The Emperor Owl, Pt. 17 (Fiction)

I open my eyes. The midday sun, bathing me through the branches and leaves, bleaches my vision, rendering the jagged branches like pencil sketches.

The wave of emotion has knotted my throat and weighs upon my chest, as if every tree, every blade of grass, were fighting to tell me what ails it. I clutch the folder beneath my left arm, then undo the pin holding the fold of my right sleeve and roll it up until, a few inches below the elbow, the stump of my arm emerges like a blind, white mole. The blur of scar tissue makes me shudder with the pain of having had to hide it. A pain that intensifies with every person who discovered the stump, who strained to meet my gaze while hiding their revulsion, as I fought to focus on their words and ignore their pity.

At my feet, the grass traces the scabrous blight burned into the earth by the black vomit. On the trunks of both beech trees, thick welts—where the bark shrank and withered—mark the touch of that mass of muscle and sinew.

The brook murmurs. A breeze stirs. I imagine unseen eyes watching me, but even the birds chirping from the canopy ignore me.

I open my mouth, clear my throat. How will my voice sound after such a long silence?

“I wanted to stay away. I’ve put this off for too many years. You shouldn’t have existed in this world, so I must have invented you. I wanted to forget those memories of someone impossible. If I clung to them, I’d slide down the slope toward believing in a reality different from this ugly, somber world. I tried to convince myself I’d had an accident, that doctors amputated my arm.” When I steal a glance at the stump, the tangle of scars chills me. “But you existed. It happened just as I remember, and I remember every detail.”

The sickening tide that threatens daily to submerge me washes over me. Though I blink to keep tears from surfacing, they gather behind my eyes like water against a dam.
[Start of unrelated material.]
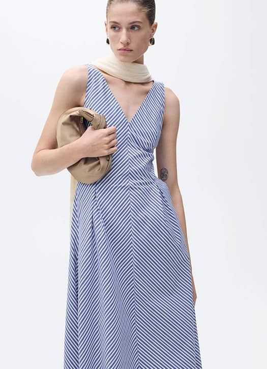 Summum du chic : cette robe midi à rayures bleues et blanches is giving gradins du Prix de Diane, et à prix mini ! On adore son col en V qui donne envie d’y glisser un joli collier ou une écharpe fine comme la mannequin sur la photo. À vos bibis et chapeaux !

“You warned me, and I ignored you. Most times I need to use the hand that’s missing, I become enraged, but I dodge my own blame. I tried to convince you that you were wrong, even though I knew nothing. Many nights, before falling asleep, I wonder where you are. We came to this forest, to this world, by chance. In these past decades, I’ve lived the best I could, but even the worst moments surpass how I lived before I met you.”

A cavernous echo frays. When I rise onto my tiptoes and strain my ears, the echo fades away. My legs tingle as, for a few seconds, I cling to that illusion. Will I glimpse his silhouette from the corner of my eye? Will the pins and needles prickle?

“Wherever you are, I hope you can forgive me. I convinced you to trust me, and I remember you drawing away before you vanished, knowing that what had happened would be repeated with everyone who persuaded you to escape.”

I look around. Behind me, the grassy slope climbs beneath vines that strangle some branches of the interwoven canopy. At my feet, chunks of bark, sticks, and leaves partially conceal the splatter of muck.

“Your very substance, wherever you might have come from, now flows within me. Your world doesn’t accept returns. I know what you had to endure, why you needed others to keep their distance.”

I modulate my voice to keep it from breaking. The corners of my eyes burn, and between blinks, my vision glazes over.

“Once it touches you, it contaminates you. I stopped it from killing me, but it flows through my veins, soaks my brain, stains everything I see. It supports me as much as my own skeleton.”

When I close my mouth, I wish I had just parted my lips for the last time. I relax my shoulders, but my left arm tugs my torso towards its side. I loosen that armpit until the folder slides into my hand. I crouch, open the folder, take out the drawing, and set it upon the splatter of muck, fitting it into the clearing amid the grass. I stand up and take two steps back.

In the center of the charcoal-shaded sheet, eraser strokes reveal a greasy heap of muscles and tendons hanging in strips, its surface bulging with buboes. From the heap’s left side, a fibrous, dripping appendage extends, reaching out towards me.

THE END


Author’s note: I wrote this novella in Spanish about ten years ago. It’s contained in the collection titled Los dominios del emperador búho.

Today’s song is “Velouria” by Pixies.

Four of Elena’s novellas translated. Only the stories of Siobhan and Kirochka are left.